Stored dataset items:
>>>

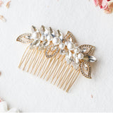 Our collection of gorgeous bridal hair combs comes in all shapes and sizes – from striking hero pieces that are large and crystal-encrusted, to small and delicate versions with a pretty cluster of tiny pearls or diamantes. And there are many options of where to wear them: off-centre, nestled in a chignon; central at the back of a loose, half-up style; placed to the side of a short hair do; or as an anchor to your veil.
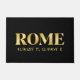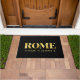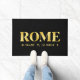 Lux front doormat cuenta con coordenadas de mapa de latitud y longitud de Roma, Italia en fuentes doradas sobre fondo negro.
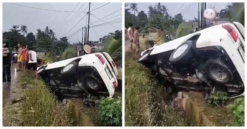 Mobil dengan plat polisi DP 1168 FK itu terbalik dan masuk kedalam got.
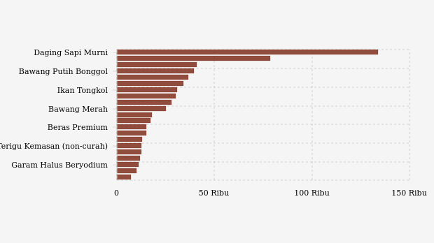 Sementara, harga beberapa komoditas seperti minyak goreng kemasan sederhana, bawang merah, ikan kembung, daging sapi murni, dan minyak goreng curah menurun dibandingkan dengan harga kemarin.
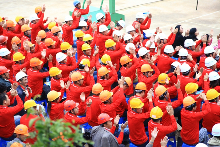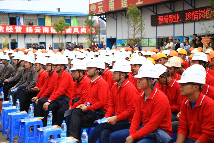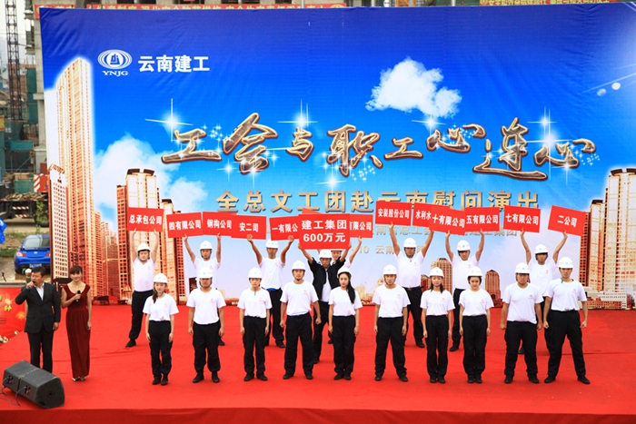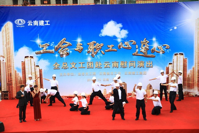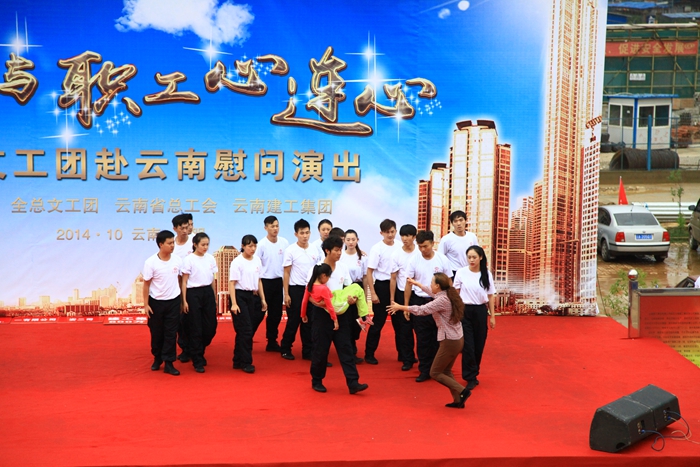 慰問演出當(dāng)天下午,天氣陰冷,但絲毫不影響演員們的熱情,在《兄弟干杯》、《愛的奉獻(xiàn)》、《誰說女子不如男》等幾首歌唱過后,現(xiàn)場的氣氛逐漸升溫,激情歌手大鵬的《向天再借五百年》、《老婆你真不容易》進(jìn)一步釋放了觀眾的熱情,現(xiàn)場氣氛好不熱烈。隨后,公司音詩畫節(jié)目《決戰(zhàn)魯?shù)?感恩大愛》登臺上演,以旁白,舞蹈,對白等多種形式重現(xiàn)了抗震救災(zāi)、后勤保障、愛心捐款、愛心獻(xiàn)血等過程中的真人真事,動人瞬間,讓現(xiàn)場觀眾們?nèi)谌牍适虑楣?jié)當(dāng)中,深受感動,齊聲為云南建工拍手叫好。
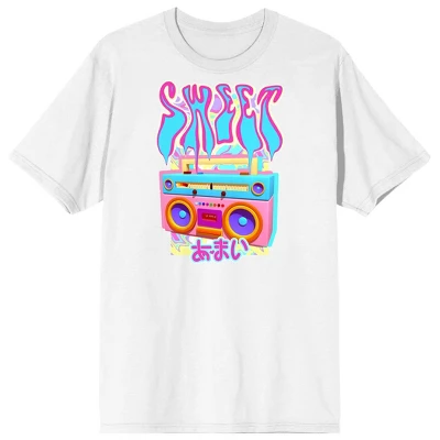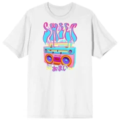 - CUSTOM DESIGN: A pastel boombox appears on the front of this graphic tee under purple and blue letters that spell out, “Sweet.” 90s kids who remember the Y2K trend will love the fun custom design on this t-shirt.
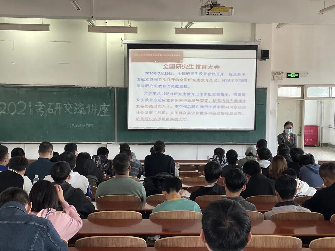 会上,孙国英副院长从近年考研情况介绍、学院近年考研及招生情况、学院学位授权点建设情况、考研的几点建议等四个方面向同学们系统介绍了考研的基本情况及威廉希尔官网考研基本信息,并提醒同学们要密切关注相关学校的网站发布的信息,及时地了解相关学校的基本情况,并针对考试类型的变化及时作出相关调整。最后孙国英副院长结合自己之前考研的经验给所有意愿参加考研的同学们指明了大概的学习方向和关注角度,同时孙国英副院长希望意愿考研的同学们能够珍惜时间,把握机会,规律作息,为考研做足准备,以积极乐观的心态迎接考研这一巨大挑战。
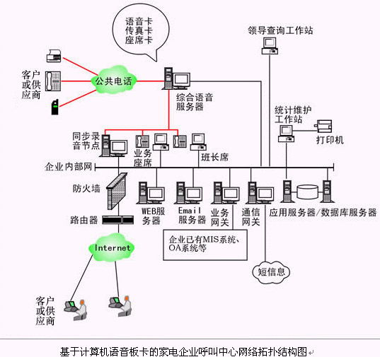 對于20個以下座席的中小型家電企業(yè)呼叫中心系統(tǒng),則建議使用基于計算機(jī)語音板卡的形式,可以減少家電企業(yè)投資,同時具有良好的系統(tǒng)性能;以確保合理的、較少的投入,獲取最佳的配置,滿足不同家電企業(yè)的需求。
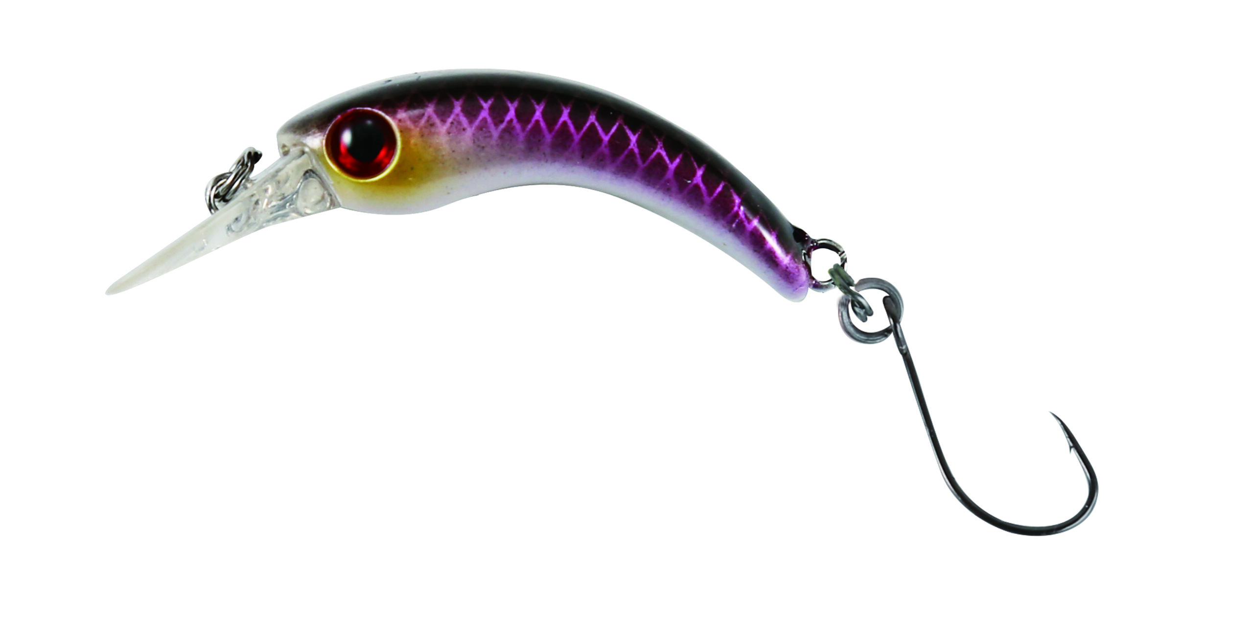 Curvy Wobbler mit Einzelhaken – Als weiteren Trend in der Ul-Fischerei kristallisiert sich die Curvy Wobblerserie heraus. Diese Serie zeichnet sich durch ihr äußerst aktives Laufverhalten aus, welches auch besonders träge Fische anspricht. Gewicht: 1,2 g, Größe: 2,9 cm, Action: schwimmend TT: 0,3-0,5m, Farbe: lila-silber
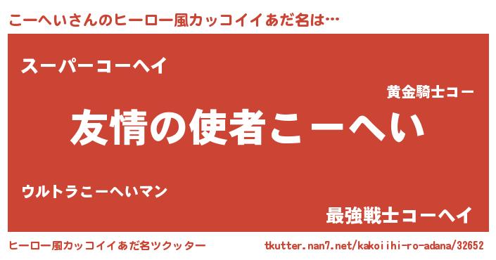 | 男性向けラノベタイトル風あだ名 | 『おまえをオタクにしてやるから、俺をこーへいにしてくれ! 』 |
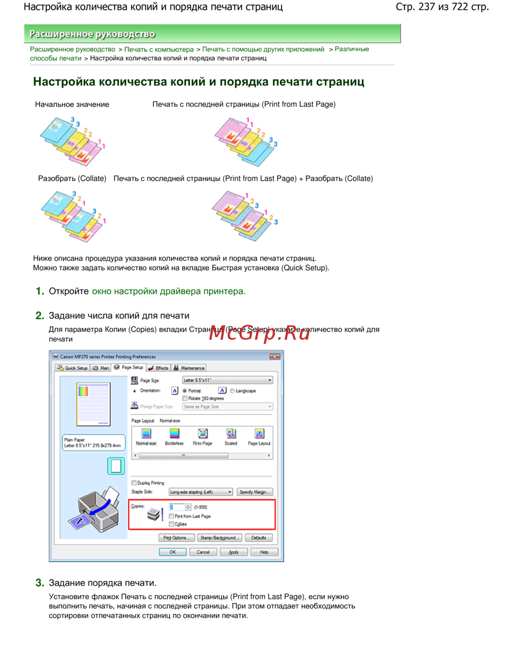 Canon Pixma MP 272 — настройка количества копий и порядка печати страниц [237/722]
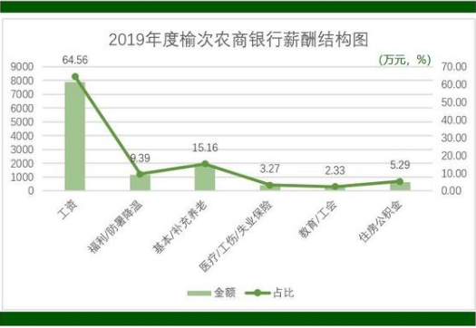 首先,以榆次農(nóng)商銀行薪酬結(jié)構(gòu)為重點(diǎn)分析。2019年,該銀行員工的工資獎(jiǎng)金為7886.13萬元,占比64.56%,這一部分基本上是員工可以當(dāng)年拿到手的現(xiàn)金(高管人員還存在延期支付)。“五險(xiǎn)一金”合計(jì)2897.3萬元,占比23.72%,這一部分中除了補(bǔ)充醫(yī)療保險(xiǎn)可以實(shí)際到個(gè)人賬戶上使用之外,其他的一般不能當(dāng)年拿到。無論是工資與獎(jiǎng)金的占比,還是“五險(xiǎn)一金”的占比,山西榆次農(nóng)商銀行的結(jié)構(gòu)與全國(guó)其他銀行業(yè)機(jī)構(gòu)的相應(yīng)比例相近,算比較正常的薪酬結(jié)構(gòu)。
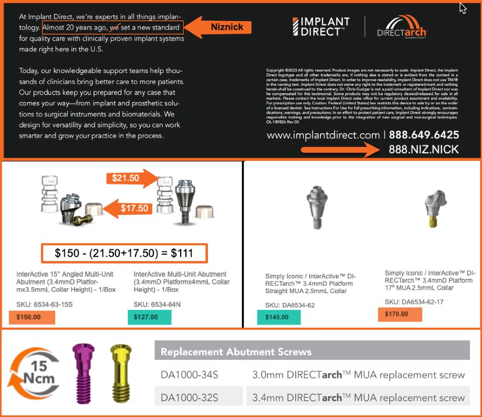 Fact: Implant Direct, under Niznick’s management (2004-2013) created the value segment in the implant industry with fair pricing and All-in-1 implant packaging that simplified ordering and inventory control.

<<<

**ABOUT THIS TASK**. Find the line with "Mobil dengan plat" in the entries above. Set down exactly every line from it up to and including the line with "首先,以榆次農(nóng)商", images excluded.

**TASK RESULT**.
 Mobil dengan plat polisi DP 1168 FK itu terbalik dan masuk kedalam got.
 Sementara, harga beberapa komoditas seperti minyak goreng kemasan sederhana, bawang merah, ikan kembung, daging sapi murni, dan minyak goreng curah menurun dibandingkan dengan harga kemarin.
 慰問演出當(dāng)天下午,天氣陰冷,但絲毫不影響演員們的熱情,在《兄弟干杯》、《愛的奉獻(xiàn)》、《誰說女子不如男》等幾首歌唱過后,現(xiàn)場的氣氛逐漸升溫,激情歌手大鵬的《向天再借五百年》、《老婆你真不容易》進(jìn)一步釋放了觀眾的熱情,現(xiàn)場氣氛好不熱烈。隨后,公司音詩畫節(jié)目《決戰(zhàn)魯?shù)?感恩大愛》登臺上演,以旁白,舞蹈,對白等多種形式重現(xiàn)了抗震救災(zāi)、后勤保障、愛心捐款、愛心獻(xiàn)血等過程中的真人真事,動人瞬間,讓現(xiàn)場觀眾們?nèi)谌牍适虑楣?jié)當(dāng)中,深受感動,齊聲為云南建工拍手叫好。
 - CUSTOM DESIGN: A pastel boombox appears on the front of this graphic tee under purple and blue letters that spell out, “Sweet.” 90s kids who remember the Y2K trend will love the fun custom design on this t-shirt.
 会上,孙国英副院长从近年考研情况介绍、学院近年考研及招生情况、学院学位授权点建设情况、考研的几点建议等四个方面向同学们系统介绍了考研的基本情况及威廉希尔官网考研基本信息,并提醒同学们要密切关注相关学校的网站发布的信息,及时地了解相关学校的基本情况,并针对考试类型的变化及时作出相关调整。最后孙国英副院长结合自己之前考研的经验给所有意愿参加考研的同学们指明了大概的学习方向和关注角度,同时孙国英副院长希望意愿考研的同学们能够珍惜时间,把握机会,规律作息,为考研做足准备,以积极乐观的心态迎接考研这一巨大挑战。
 對于20個以下座席的中小型家電企業(yè)呼叫中心系統(tǒng),則建議使用基于計算機(jī)語音板卡的形式,可以減少家電企業(yè)投資,同時具有良好的系統(tǒng)性能;以確保合理的、較少的投入,獲取最佳的配置,滿足不同家電企業(yè)的需求。
 Curvy Wobbler mit Einzelhaken – Als weiteren Trend in der Ul-Fischerei kristallisiert sich die Curvy Wobblerserie heraus. Diese Serie zeichnet sich durch ihr äußerst aktives Laufverhalten aus, welches auch besonders träge Fische anspricht. Gewicht: 1,2 g, Größe: 2,9 cm, Action: schwimmend TT: 0,3-0,5m, Farbe: lila-silber
 | 男性向けラノベタイトル風あだ名 | 『おまえをオタクにしてやるから、俺をこーへいにしてくれ! 』 |
 Canon Pixma MP 272 — настройка количества копий и порядка печати страниц [237/722]
 首先,以榆次農(nóng)商銀行薪酬結(jié)構(gòu)為重點(diǎn)分析。2019年,該銀行員工的工資獎(jiǎng)金為7886.13萬元,占比64.56%,這一部分基本上是員工可以當(dāng)年拿到手的現(xiàn)金(高管人員還存在延期支付)。“五險(xiǎn)一金”合計(jì)2897.3萬元,占比23.72%,這一部分中除了補(bǔ)充醫(yī)療保險(xiǎn)可以實(shí)際到個(gè)人賬戶上使用之外,其他的一般不能當(dāng)年拿到。無論是工資與獎(jiǎng)金的占比,還是“五險(xiǎn)一金”的占比,山西榆次農(nóng)商銀行的結(jié)構(gòu)與全國(guó)其他銀行業(yè)機(jī)構(gòu)的相應(yīng)比例相近,算比較正常的薪酬結(jié)構(gòu)。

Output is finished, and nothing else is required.